Известный пример новосибирского «Никомеда». На его привлечение были потрачены огромные силы, но когда ему начали выдвигать какие-то условия, они быстро собрались и переехали в Ярославль. Там губернатор лично возглавил соответствующую комиссию, лично курировал весь проект. И были созданы все условия для инвестора. Сейчас «Никомед» приобрела компания «Токеда» — понятно, что это совсем другие деньги и перспективы развития. Мое мнение — власть должна была тогда в лепешку разбиться, предлагать что угодно, чтобы такие бизнесы здесь появились. Потому что вот у нас теперь здесь что? Построенный завод. Я, например, в случае чего ускоритель в карман не положу — это все останется здесь.
— Если почитать тематические федеральные исследования, то складывается такое ощущение, что весь рынок лекарственных препаратов, вообще биотехнологий — сосредоточен вокруг Москвы, максимум — до Урала. С чем связаны такие перекосы?
— Вопрос не простой. Прежде всего здесь банально меньше людей. Кроме того, московские издания, которые генерируют такие исследования, традиционно считают, что есть Москва, а потом уже все остальное. Представление этих людей о России очень условное. Такое ощущение, что кто-то в Москве пробивает под себя законы и им все равно, как это будет применяться в регионах. Нужно как-то избавляться от такой концентрации системы управления — ведь в итоге получается, что они жизни не видят, они ее не понимают.

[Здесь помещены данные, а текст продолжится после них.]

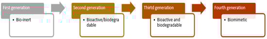This classification outlines the conceptual evolution of the requirements for implant materials. The major requirements pertaining to the first generation had been stiffness and the biological inertness of the materials. Implantation triggers the absorption of non-specific proteins on the surface of the material; a fibrous tissue capsule is formed, and the implant is encapsulated inside, which is a disadvantage for the implant [28]. This led to the design of the second generation of materials. For the second generation, which occurred between 1980 and 2000, the major requirements were the development of bio-absorbable and bioactive materials, while maintaining the mechanical properties of the implant [29,30]. A bio-absorbable material is able to degrade in a progressive manner, allowing the healing and regeneration of tissues. The bioactive material is designed to generate a layer of hydroxyapatite (HA), a natural component of the bone, on the surface of the material instead of the fibrous capsule. It is considered that in vivo stimulation of the production of a hydroxyapatite layer on the implant surface improves the process of mineralization, fixation, and bone regeneration [31,32]. The chemical attachment of various reactive groups on the surface of the polymer causes it to become bio-functional. Thus, this improvement by the second generation materials was possible by modifying the implant surface to promote specific cellular responses, instead of nonspecific responses, as was the case with the first generation [29]. The third generation of biomaterials orientate around the ability to trigger signals that stimulate specific cellular responses at the molecular level. These biomaterials are related to tissue engineering, regenerative medicine, tissue transplantation, and grafting. These biomaterials are designed to be temporary three-dimensional porous structures that are capable of stimulating tissue regeneration, nutrient supply, and possibly, angiogenesis [33,34]. The fourth generation of biomaterials elicits a personalized interaction with cellular processes and microenvironments, which includes four requirements: inertia, activity, receptivity, and autonomy [35].

Наконец, это вообще специфика российского бизнеса в этой отрасли. Если бы мы с Тромбовазимом опирались только на здоровую конкуренцию — у нас, по понятным причинам, не было бы никаких проблем. Мы бы выбили с рынка импортные препараты и по цене, и по безопасности, и по эффективности. Но практика несколько иная, поэтому сейчас мы готовимся судиться, «показывать зубы». Да, будет драка, но по-другому не получается. Этим мы сильно отличаемся от других стран — у нас все очень ограничено.